In [None]:
import io
import os
import torch
import numpy as np
import torchvision.transforms as T
import matplotlib.pyplot as plt
from PIL import Image
from tqdm.notebook import tqdm

# Install an older version of bing_image_downloader
# The latest version is broken and return non related images
!pip install bing_image_downloader==1.0.4
from bing_image_downloader import downloader

### Configuration

In [None]:
# Determine how many images of each class that you want to download
n_images_per_class = 4
# Give a name for the direcotry where images are to be stored
data_path= 'image_data'
print('Saving images to: {:s}'.format(data_path))

# Give search queries for the classes you want to get pictures of
quaries = ['trains', 'airplanes', 'cars road', 'ships']

### Download images

In [None]:
# ONLY RUN THIS CELL IF YOU WANT TO DOWNLOAD NEW IMAGES!!!

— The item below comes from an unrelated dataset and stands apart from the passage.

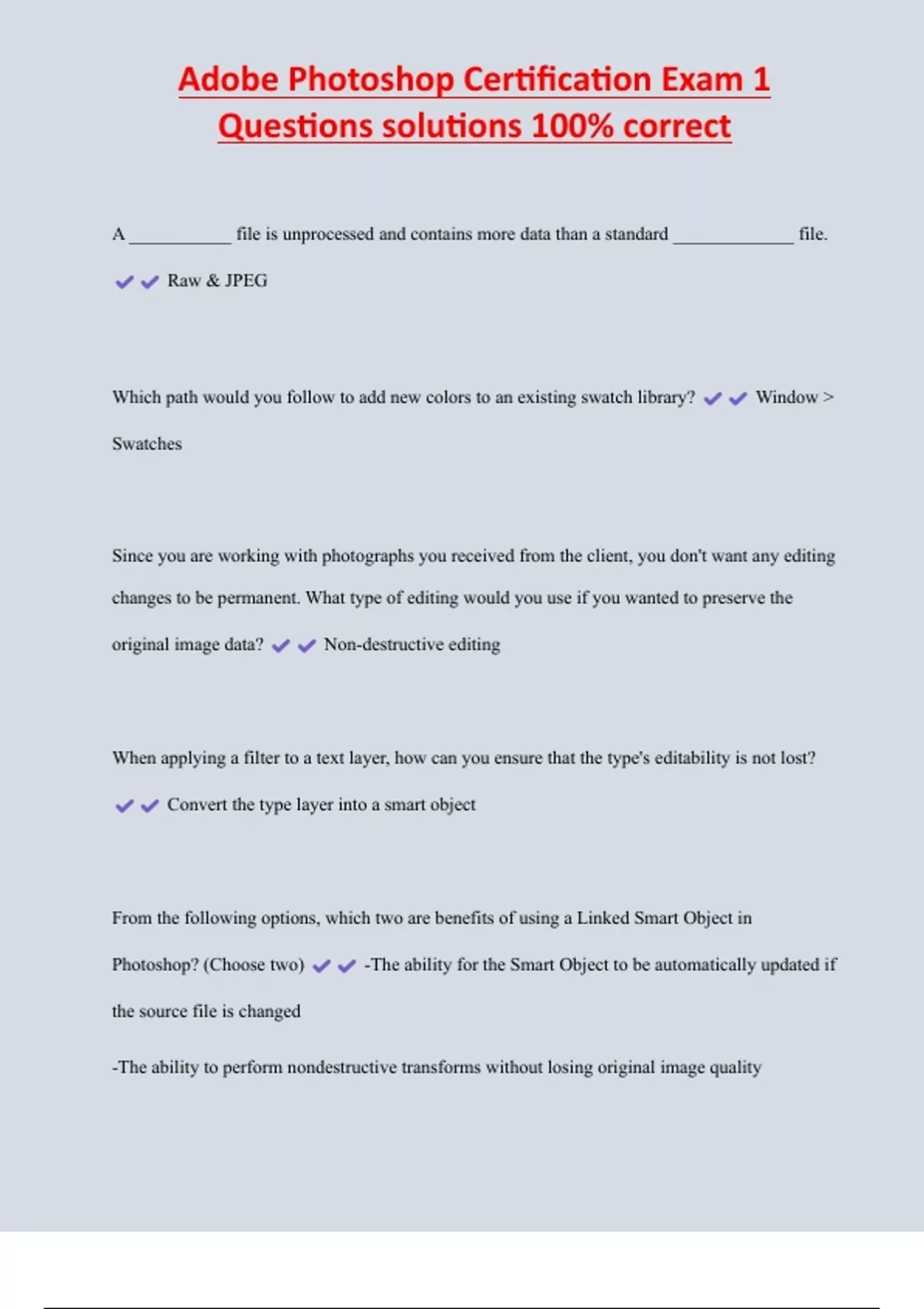 Adobe Photoshop Certification Exam 1 Questions solutions 100% correct A ___________ file is unprocessed and contains more data than a standard _____________ file. Raw & JPEG Which path would you follow to add new colors to an existing swatch library? Window Swatches Since you are working with photographs you received from the client, you don't want any editing changes to be permanent. What type of editing would you use if you wanted to preserve the original image data? Non-destructive editing When applying a filter to a text layer, how can you ensure that the type's editability is not lost? Convert the type layer into a smart object

# Create the data direcotry if it does not exist
if not os.path.exists(data_path):
  os.makedirs(data_path)

# Download images for each query
for quary in quaries:
  downloader.download(quary,
                      limit=n_images_per_class,
                      output_dir=data_path,
                      adult_filter_off=True,
                      force_replace=False,
                      timeout=5)

### Visualize the dowloaded dataset

In [None]:
# Define the number of classes based on the number of quaries
n_classes = len(quaries)

# Create a matplotlib figure window
fig = plt.figure(figsize=[15, 10])
# Loop over all classes
for row in range(n_classes):
  # List all the files in the class directory
  class_dir_path = os.path.join(data_path, quaries[row])
  files = os.listdir(class_dir_path)
  n_examples = len(files)
  for col in range(min(n_examples, 4)):
    # Create a subplot axes
    plt.subplot(n_classes, n_examples, row*n_examples+col+1)
    # Open the image
    img = Image.open(os.path.join(class_dir_path, files[col]))
    # Resize the image
    img.thumbnail([200, 200])
    # Plot the image
    plt.imshow(img)
    # Remove ticks
    fig.gca().set(xticks=[], yticks=[])

### Download the DINOv2 model

In [None]:
# Download the the DINOv2 embedding model
embedding_model = torch.hub.load('facebookresearch/dinov2', 'dinov2_vitb14_lc')
# Check if we have a GPU available otherwise use the CPU
device = torch.device('cuda' if torch.cuda.is_available() else "cpu")
# Move the model to the GPU if we have one
embedding_model.to(device);

### Define some useful functions for computing embeddings

In [None]:
# Define image transforms
transform_image = T.Compose([
    T.ToTensor(),
    T.Resize(224, antialias=True),
    T.CenterCrop(224),
    T.Normalize([0.5], [0.5])]
)

def get_img_paths(data_path):
  """
  Get image paths to all images that were downloaded
  """
  img_paths = []
  for folder in os.listdir(data_path):
      for file in os.listdir(os.path.join(data_path, folder)):
          if file[-4:] in [".jpg", "jpeg", ".JPG", ".png"]:
              img_paths.append(os.path.join(data_path, folder, file))

  return img_paths

def load_image(img: str) -> torch.Tensor:
  """
  Load an image and return a tensor that can be used as an input to DINOv2.
  """
  if isinstance(img, str):
    img = Image.open(img).convert('RGB')
  else:
    img = Image.open(io.BytesIO(img)).convert('RGB')
  transformed_img = transform_image(img)[:3].unsqueeze(0)
  return transformed_img

def compute_embedding(img):
  """
  Compute the embedding for an image
  """
  with torch.no_grad():
    embedding = embedding_model(load_image(img).to(device))
    embedding = embedding.cpu().numpy()
  return embedding

def create_dataset(img_paths: list) -> dict:
  """
  Get embeddings and labels for a list of image paths
  """
  all_embeddings = []
  all_labels = []

  for i, img_path in enumerate(tqdm(img_paths)):
    all_labels.append(img_path.split(os.path.sep)[-2].split(' ')[0])
    all_embeddings.append(compute_embedding(img_path))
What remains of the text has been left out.